**WHAT IS REQUIRED**
Any image found in the entries is to be skipped; the rest is returned word for word.

Segment Start: DATASET RECORDS

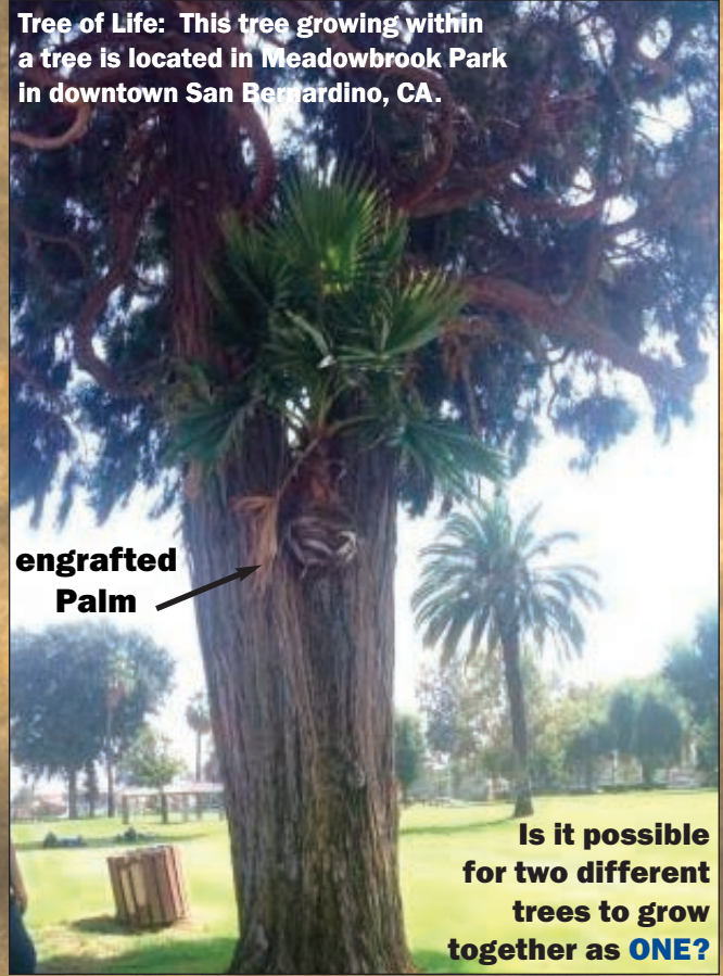
Tree of Life: This tree growing within a tree is located in Meadowbrook Park in downtown San Bernardino, CA.

Is it possible for two different trees to grow together as ONE?
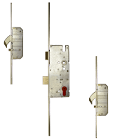
L23534 55 BS LH
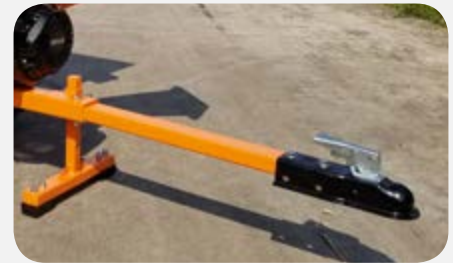
1 7/8" Removable Tow Bar
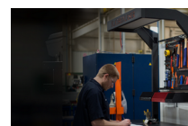
Figure 3: Ergonomic Work Stations

Culture Partners helps their business clients create an adaptive business culture that aligns with their purpose and drives results. Culture Partners has a tried-and-true, long-term approach to help businesses become more cohesive and achieve extraordinary outcomes. They work within many business sectors, including the public sector. Their proficiency in aligning organizational culture with strategic goals provides distinct advantages to public organizations, boosting efficiency, accountability, and the quality of service delivery.
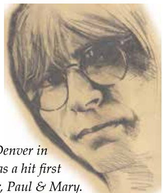
Written by John Denver in 1966, this song was a hit first by Peter, Paul & Mary.
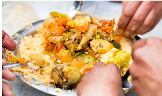
Couscous With Seven Vegetables
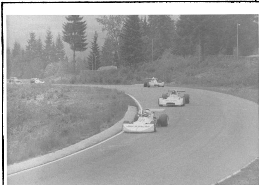
COMING OUT OF THE ESSESS

Once again, the Player's Pacific was on? To make the Challenge Series more challenging, the track was given a special treatment of oil and water. Unfortunately, oil and water don't mix, neither do race cars, virtually every car was off the track at one time or another. It was an interesting race from start to finish.
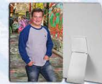
Pkg. Z 4x6 Metal Print (No Name)
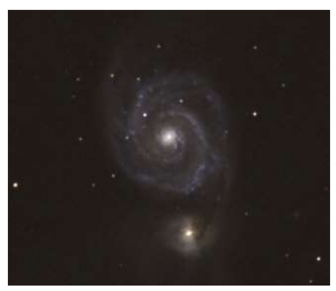
Photo of M51 (the Whirlpool Galaxy) taken by Lou Tancredi in April 2018.
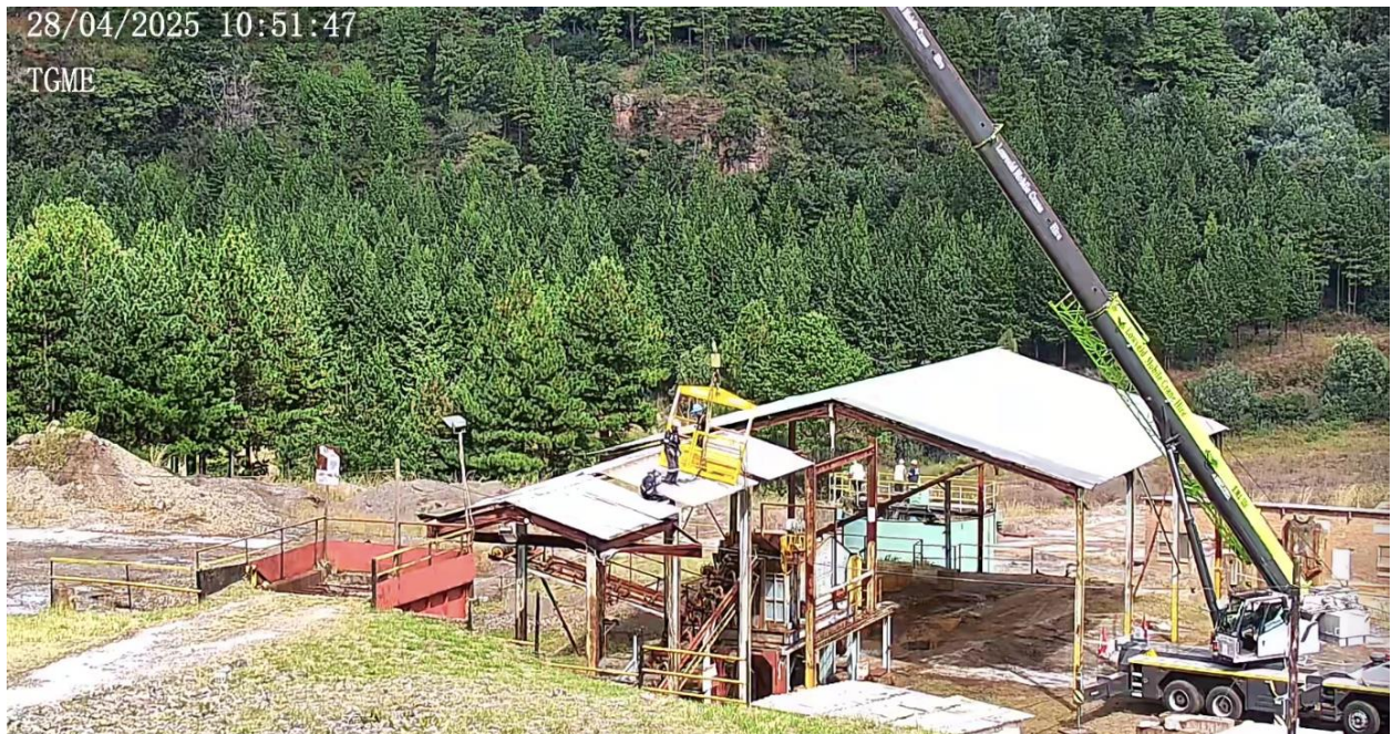
Figure 3: Removal of old mill sections

The removal of old steel structures, roofing and mill civils will be removed during the following weeks. The team plans on drilling and blasting the old mill civils and storing all the steel structures in the salvage laydown area.

Segment End: DATASET RECORDS

**ANSWER**
Tree of Life: This tree growing within a tree is located in Meadowbrook Park in downtown San Bernardino, CA.

Is it possible for two different trees to grow together as ONE?
L23534 55 BS LH
1 7/8" Removable Tow Bar
Figure 3: Ergonomic Work Stations

Culture Partners helps their business clients create an adaptive business culture that aligns with their purpose and drives results. Culture Partners has a tried-and-true, long-term approach to help businesses become more cohesive and achieve extraordinary outcomes. They work within many business sectors, including the public sector. Their proficiency in aligning organizational culture with strategic goals provides distinct advantages to public organizations, boosting efficiency, accountability, and the quality of service delivery.
Written by John Denver in 1966, this song was a hit first by Peter, Paul & Mary.
Couscous With Seven Vegetables
COMING OUT OF THE ESSESS

Once again, the Player's Pacific was on? To make the Challenge Series more challenging, the track was given a special treatment of oil and water. Unfortunately, oil and water don't mix, neither do race cars, virtually every car was off the track at one time or another. It was an interesting race from start to finish.
Pkg. Z 4x6 Metal Print (No Name)
Photo of M51 (the Whirlpool Galaxy) taken by Lou Tancredi in April 2018.
Figure 3: Removal of old mill sections

The removal of old steel structures, roofing and mill civils will be removed during the following weeks. The team plans on drilling and blasting the old mill civils and storing all the steel structures in the salvage laydown area.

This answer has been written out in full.